Vingt-huitième spectre (Un jardinier)

26 Octobre 2008 , Rédigé par Martin-Lothar Publié dans #Spectres, #Histoires d'Histoire

Pour icelles et iceux qui ne connaissent pas mes contes des spectres, je précise qu'il s'agit de nouvelles relatant les petites histoires de petites gens filant dans les dédales de la grande Histoire.
Ce sont des textes intéressants (ou pas) qu'il convient de lire calmement, en les sirotant et surtout, en se gardant de commencer par la fin où apparaît la clé, la révélation de l'histoire : sachez jouir de votre plaisir de lire.
Vous trouverez tous les autres spectres par un lien dans la colonne de gauche, tout en haut.


Vingt-huitième spectre (Un jardinier)

Les Anciens restaient avec la Nature ; pensaient avec elle et sans moyens extraordinaires, se jouaient de la matière. (René Adolphe Schwaller de Lubicz, Le Temple dans l'Homme)

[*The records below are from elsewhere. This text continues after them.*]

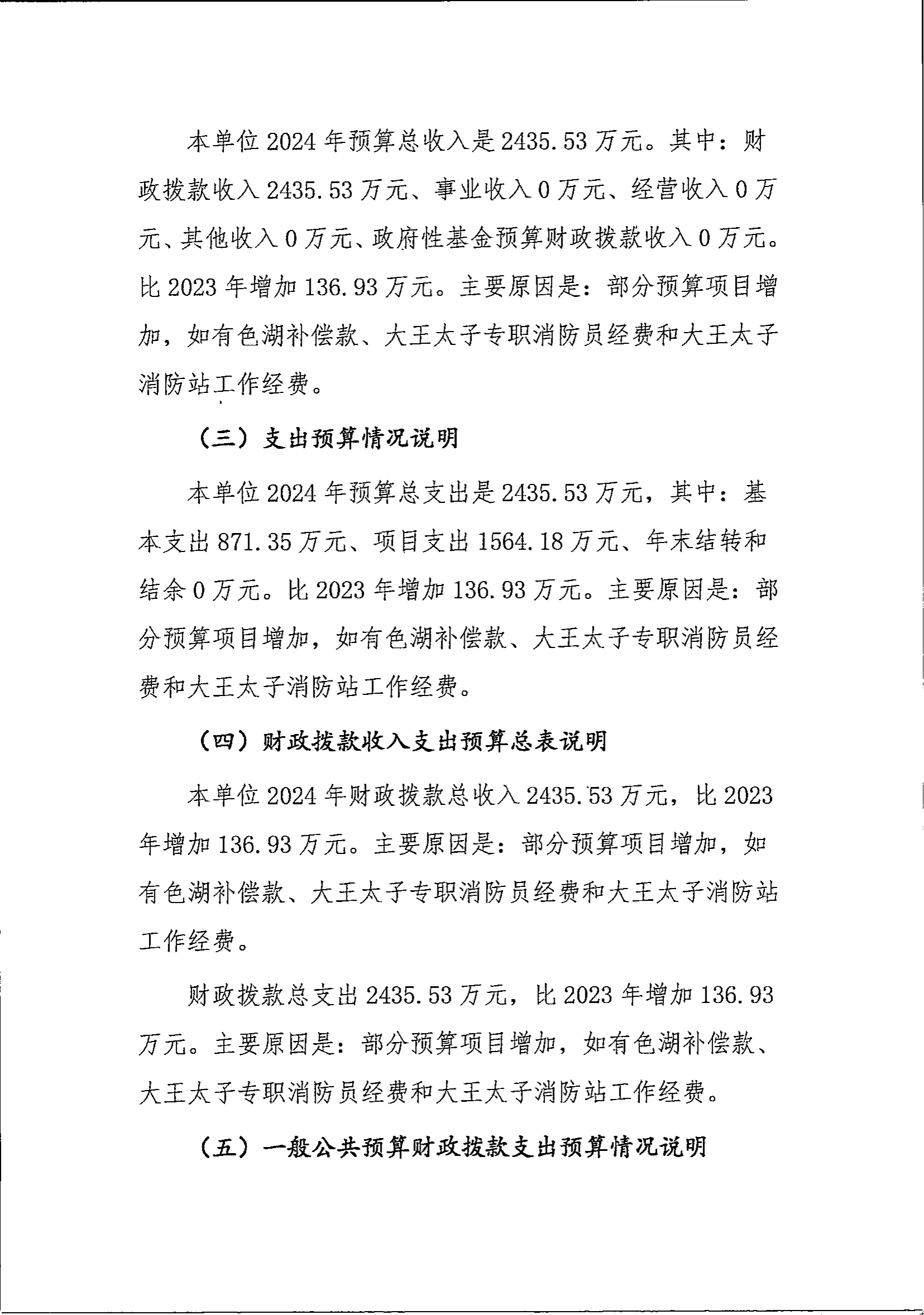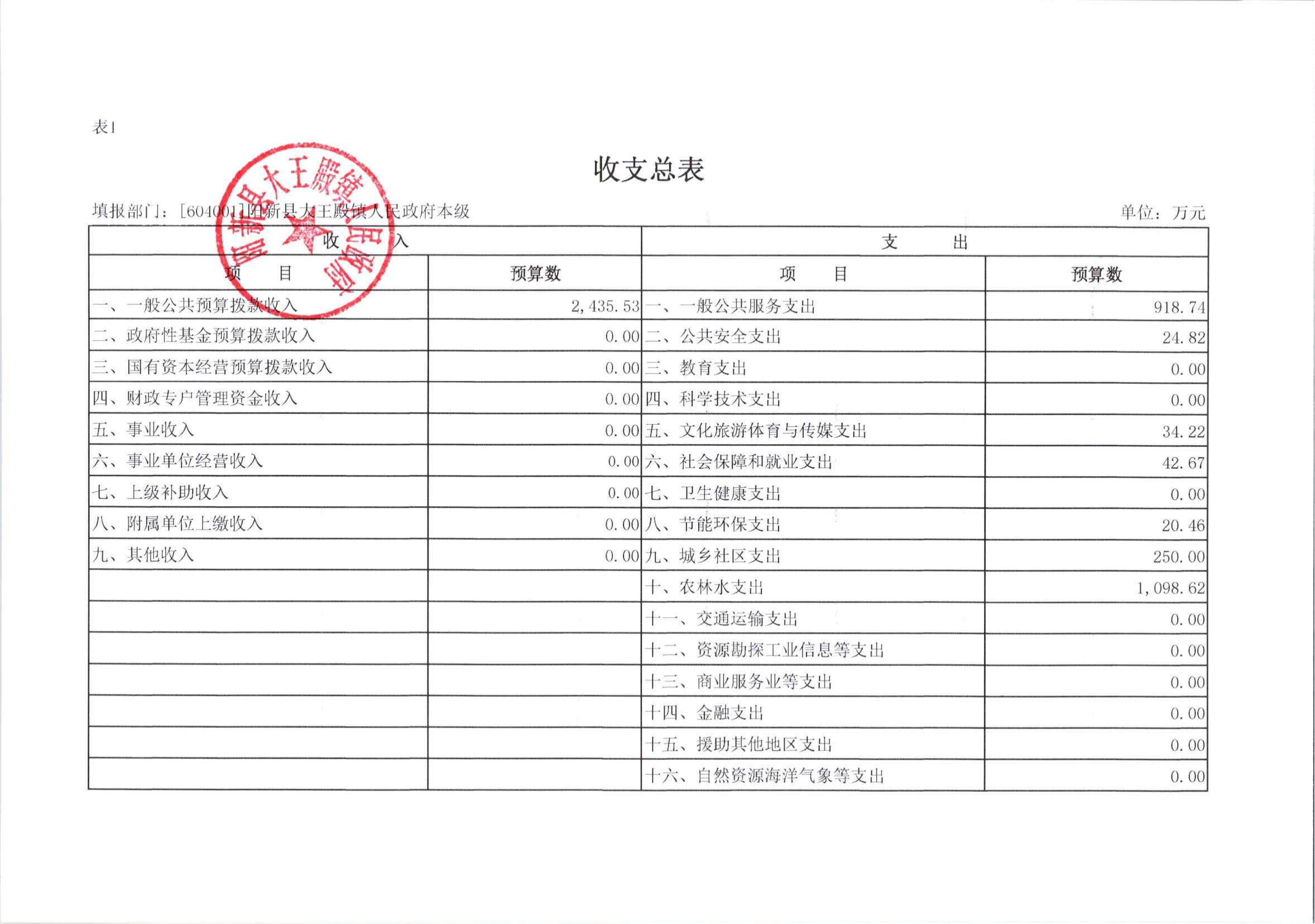 大王镇2024年部门预算公开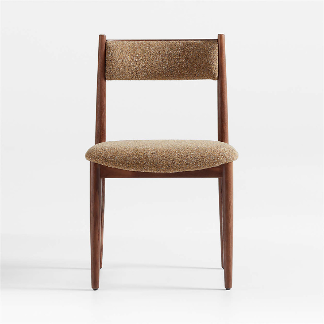 เก้าอี้รับประทานอาหารที่เรียบง่ายพร้อมที่นั่งผ้าหุ้มและกรอบไม้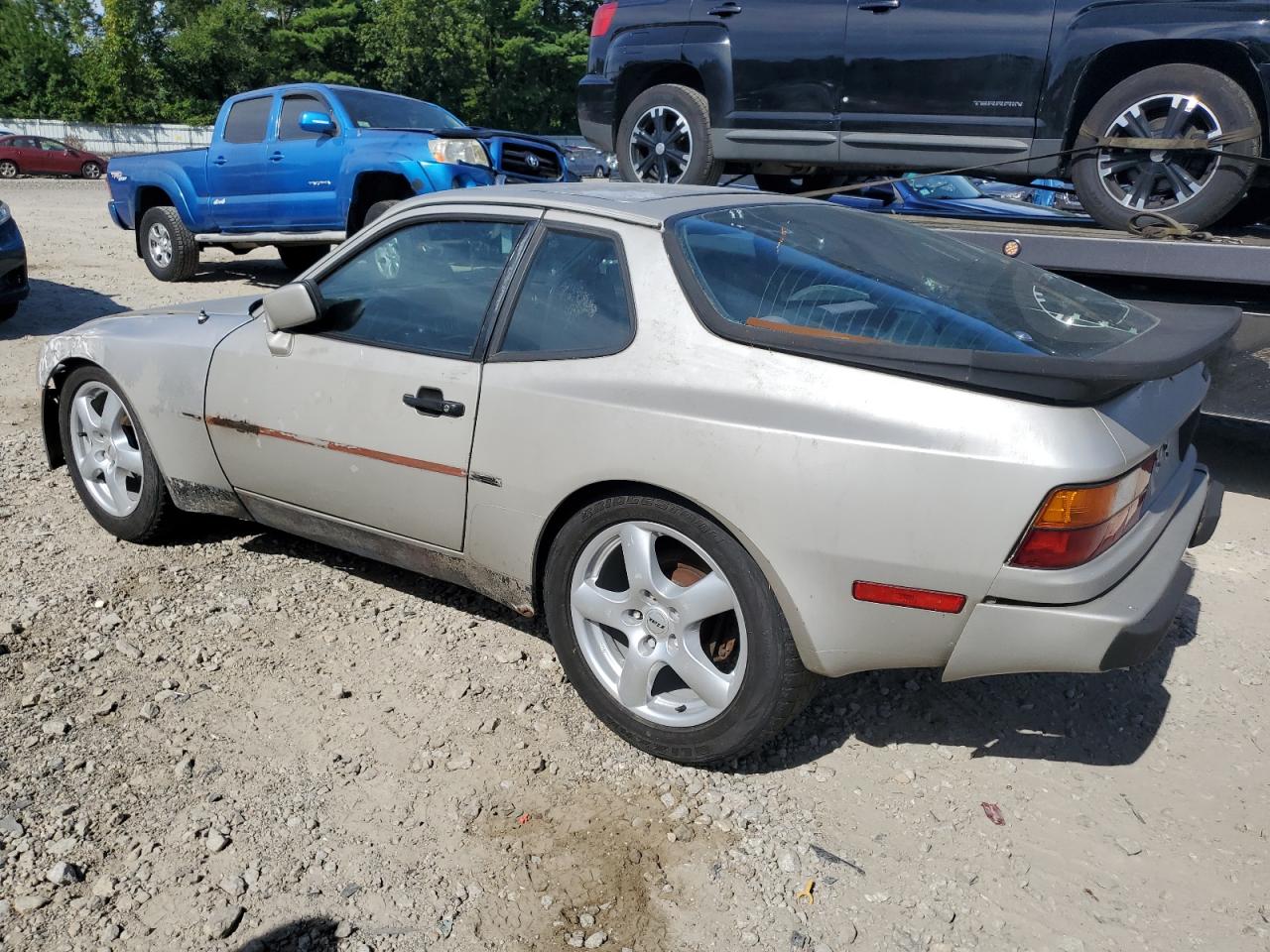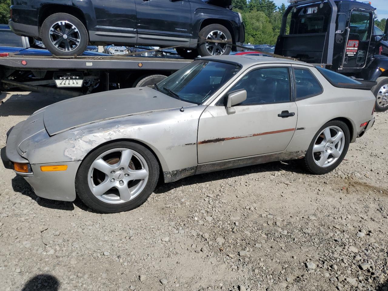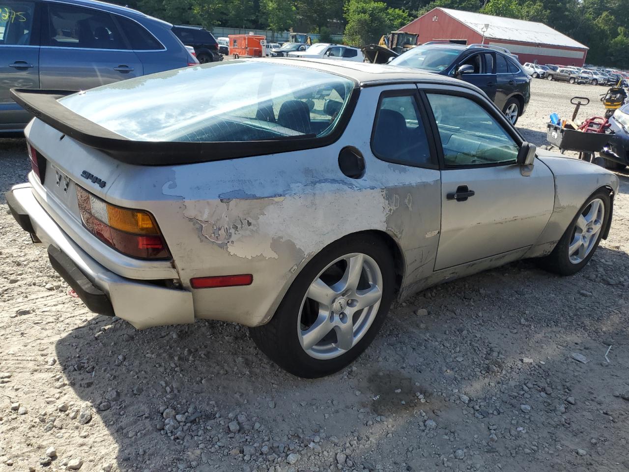 FairThe 1985 Porsche 944 is silver, the primary damage is mechanical. This coupe shows signs of wear and tear, indicating its age and use. The vehicle exhibits body panel damage. The interior shows moderate wear, with visible damage. The wheels and lights appear to be intact. The glass components seem to be in decent condition. Overall, the car requires considerable repair and is not drivable.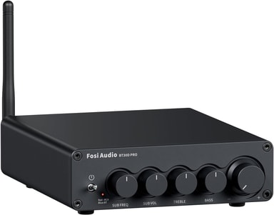 Fosi Audio BT30D PRO är en kraftfull och kompakt 2.1-kanals Bluetooth-förstärkare som levererar upp till 165W x 2 + 350W effekt. Perfekt för musik, film och gaming, med stöd för både passiva och aktiva högtalare och subwoofers. Förstärkaren har justerbar frekvens och volym för subwoofern, vilket gör den mycket flexibel. Med Bluetooth 5.0 får du en stabil anslutning, och dess robusta metalldesign säkerställer lång hållbarhet.Specifikationer: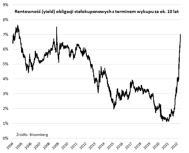 Wg danych Bloomberga tak wysokiej rentowności benchmarkowych obligacji 10-letnich nie notowano od 2008 roku, kiedy to dosłownie tylko na chwilę osiągnęła ten pułap wraz z zawirowaniami rynkowymi po upadku Lehman Brothers. Wcześniej rentowności powyżej 7% pojawiły się na przestrzeni 2004 roku.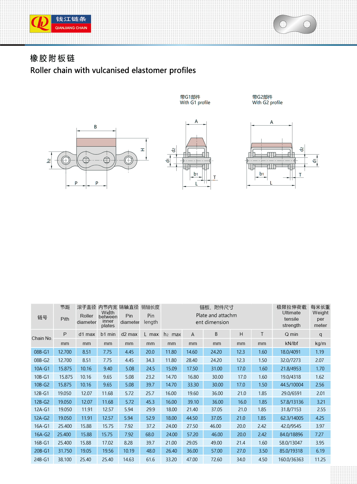가황 엘라스토머 프로파일이 포함된 롤러 체인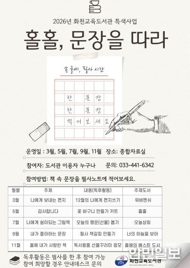 한민일보 서울포커스 곽중희 기자 | 화천교육도서관은 오는 3월부터 11월까지 깊이 있는 독서문화의 확산을 위해 2026년 특색사업 ‘홀홀, 문장을 따라’를 운영한다.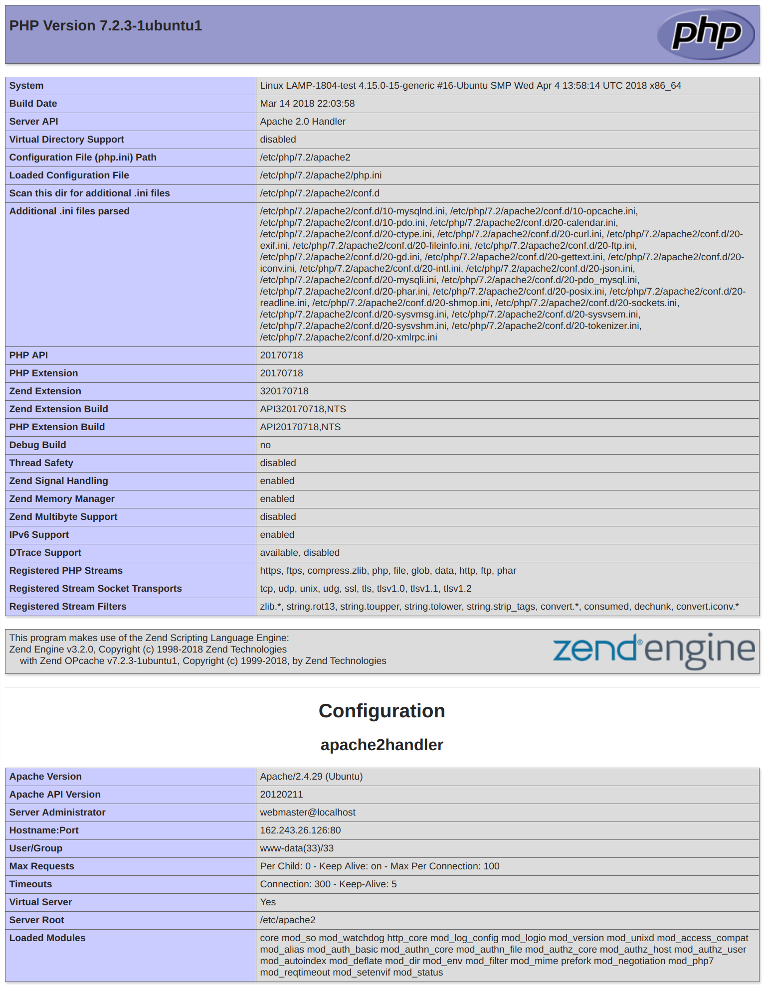 Данная страница содержит информацию о вашем сервере с точки зрения PHP. Она полезна для отладки и чтобы удостовериться в корректности применения настроек.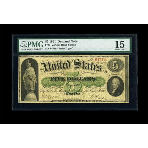 <B>Fr. 3 $5 1861 Demand Note PMG Choice Fine 15.</B></I> Nice colors and strong signatures remain on this evenly circulated example from Boston. After tonight the census number will increase by a couple. <BR><BR><B>Coin Engraver:</B> Victor D. Brenner<BR><BR><b>Shipping:</b> Coins & Currency (<a target="_blank" href="http://www.heritageauctions.com/common/shipping.php">view shipping information</a>)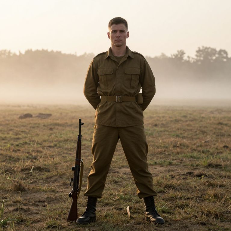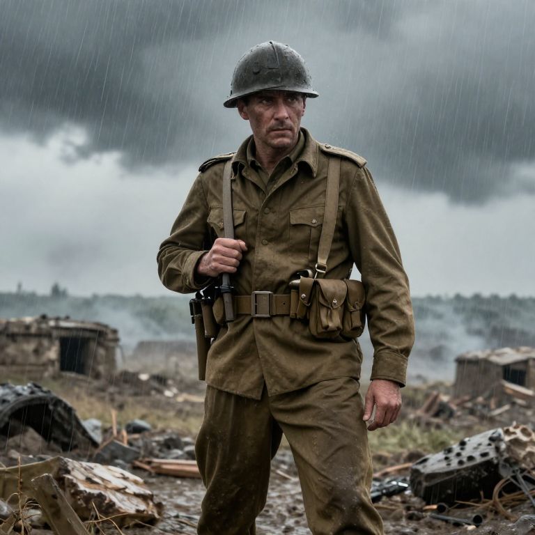 Realistic Middle-Aged Soldier in Storm

Je suis mort comme je suis né : En jardinier de mon état, de mon métier et de ma race.
Mon père l'était aussi comme son père et ma mère était cuisinière, comme ma grand-mère.
Tous mes ancêtres jusqu’à des générations de nulle mémoire, vécurent dans les jardins et les cuisines d’une même famille de hobereaux dont la noblesse se perdaient dans la nuit des temps.
Comme tous ceux de cette famille et de ses serviteurs, aucun ne mit jamais un pied hors des limites de notre beau comté, voire de la province !
Ma mère me mit au monde dans un coin de la cuisine entre deux plats à préparer.
La baronne, notre maîtresse, l’assista seule dans cette œuvre et lui prodigua tous les soins qu’il fallait.
Deux heures après ma naissance, ma mère, refusant de se reposer plus longtemps, se remit à ses casseroles et mon père est venu « constater » mon existence pendant à peine un quart d’heure pour regagner satisfait un verger qui ne pouvait jamais pousser sans lui.
Quand j’ai eu cinq ans, je fus chassé de la cuisine pour aller vivre nuit et jour dans le parc en satellite souvent turbulent de mon père qui toutefois, ne me quittait jamais de l’œil et qui commença aussitôt à m’enseigner son art.
Jusqu’à quinze ans, j’ai ainsi hanté le potager, les pelouses, le verger et les plates-bandes, l’été, nu comme vers et l’hiver, vêtu d’une simple blouse ; je dormais du crépuscule à l’aube, blotti contre mon père dans un appentis du fond et je ne voyais ma mère qu’au souper dans la cuisine, après mon bain quotidien dans l’abreuvoir près de l’écurie dont l’eau n’était pas loin de geler quelquefois.
Heureusement, les repas préparés par ma mère, étaient fameux et largement plus luxueux qu’aucun autre gueux des alentours n’en avait jamais rêvé de sa vie !
J’ai donc passé mon enfance à gambader dans les taillis ; à courir dans les allée ; à ramper dans la boue ou la poussière ; à débleuir mes pieds nus trempés de neige ; à me sécher dans le foin de la grange des pluies de toute saison et à escalader au plus haut l’un après l’autre chacun des centaines d’arbres qui ornaient le parc.
Je n’ai jamais été vraiment malade dans ma vie car à la moindre fièvre ou faiblesse, mon père me donnait une racine à grignoter ou ma mère me faisait boire une potion qui me remettait sur pieds, aussi frais qu’un gardon, à peine quelques grimaces plus tard.
Au printemps, je me faisais en cachette des festins de framboises, de fraises ou de groseilles gorgées du meilleur sucre de la meilleure des terres et chauffées du soleil le plus sauvage et tendre.
La vie était dure évidemment, mais les paradis ne sont pas faits pour les limaces, comme disait papa et tout compte fait, manger une simple pomme, assis sur sa branche dans la splendeur de l’automne vaut bien toutes les frivolités et tous les trésors du monde !
Quand j’ai eu enfin le duvet au menton et partout là où il fallait, mon père me donna une culotte, une veste, un chapeau et des sabots en bois de noyer et de ce jour, il passa la plupart du temps assis à fumer sa pipe en me regardant travailler et à me donner des ordres et des conseils sur tout et tout le temps.
En quelques années, je suis ainsi devenu un aussi grand, savant et fameux jardinier que lui, ce qui, aux dires de la Baronne, était un « joli tour de force »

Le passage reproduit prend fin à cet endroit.